To send it to chain B, there are 4 parameters: a source chain ID, destination chain ID, a channel ID and a sequence number. After this initial handshake, the relayer calls Chain B with the transaction data, the proof and the block height. This is how the data goes from a Chain A request to a Chain B request.

The Merkle proof library in Solidity was a precompiled IAVL library written in Go that directly interacts with Cosmos via a special EVM hook specific to Binance. Within Go, the function computes the root hash and verifies that it matches the hash against the new data being provided. If this is true, then the transaction must be legitimate.

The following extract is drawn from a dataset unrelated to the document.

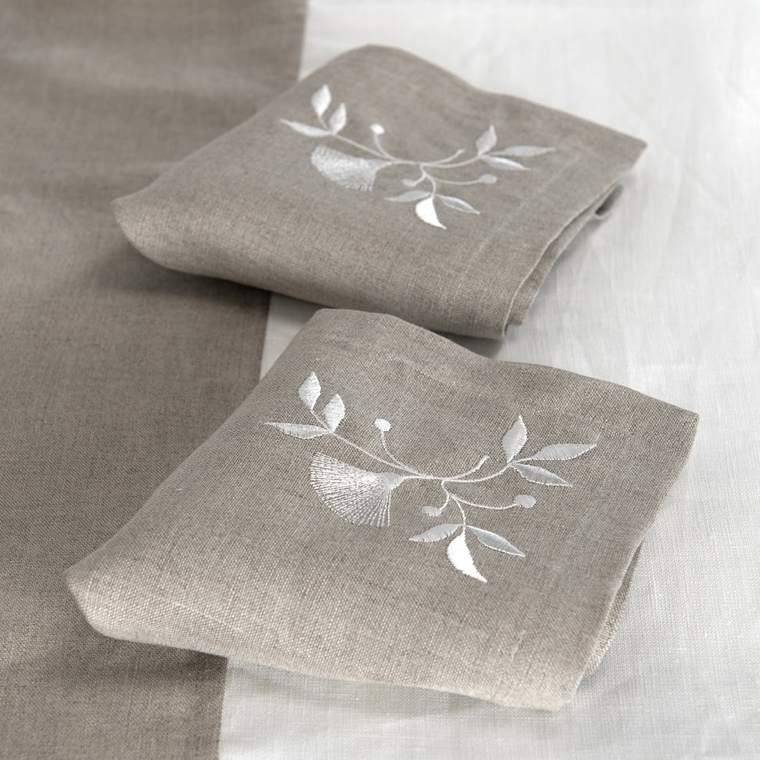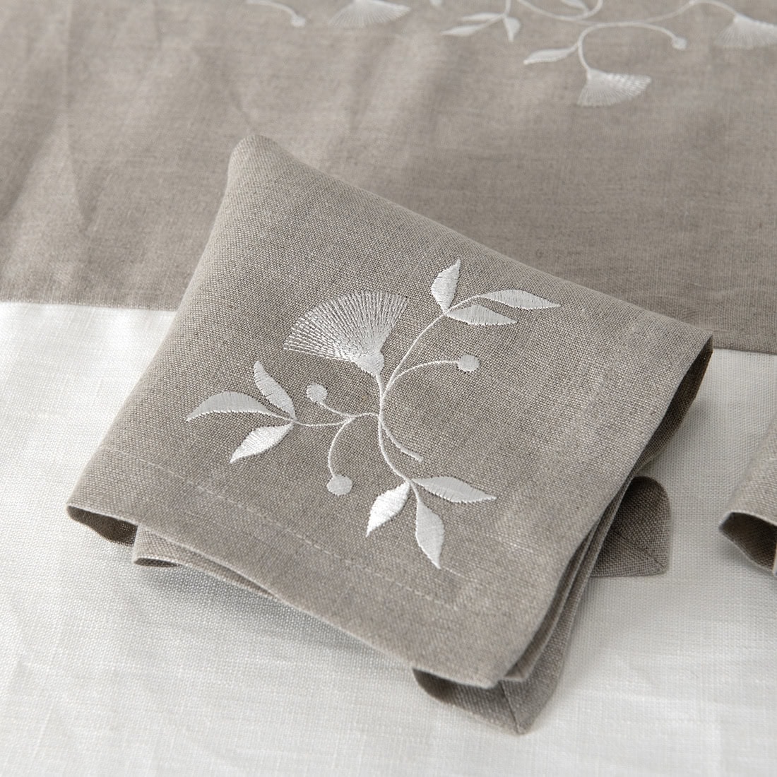 - Detalės: viename servetėlės kampe išsiuvinėta balta gėlytė ir lapeliai

The tree verification algorithm assumes that only one leaf node will exist. If there's a left node (if statement), then it allows verifies that. If there's a right (else statement) node, then it only verifies that. This becomes a problem when there are two leafs, which is 100% possible. With the logic of the program, we can provide a right node that will never be verified!

To exploit this, the attacker took a legitimate transaction and modified the payload to add the right node. The node said that a transaction of 2 million BNB with each BNB worth $293 at the time, was sent to them. Once they had done this, they took the money out of the bridge and laundered it to some other places. This resulted in a $586 million dollar hack.

In the aftermath of this, Binance forked the BSC blockchain to remove this. Additionally, USDT blocked the attackers address, preventing them from accessing a percentage of their stolen funds. To fix this, the proof errors out if there is more than one child. Overall, an interesting dive into the Cosmos and Binance eco-system.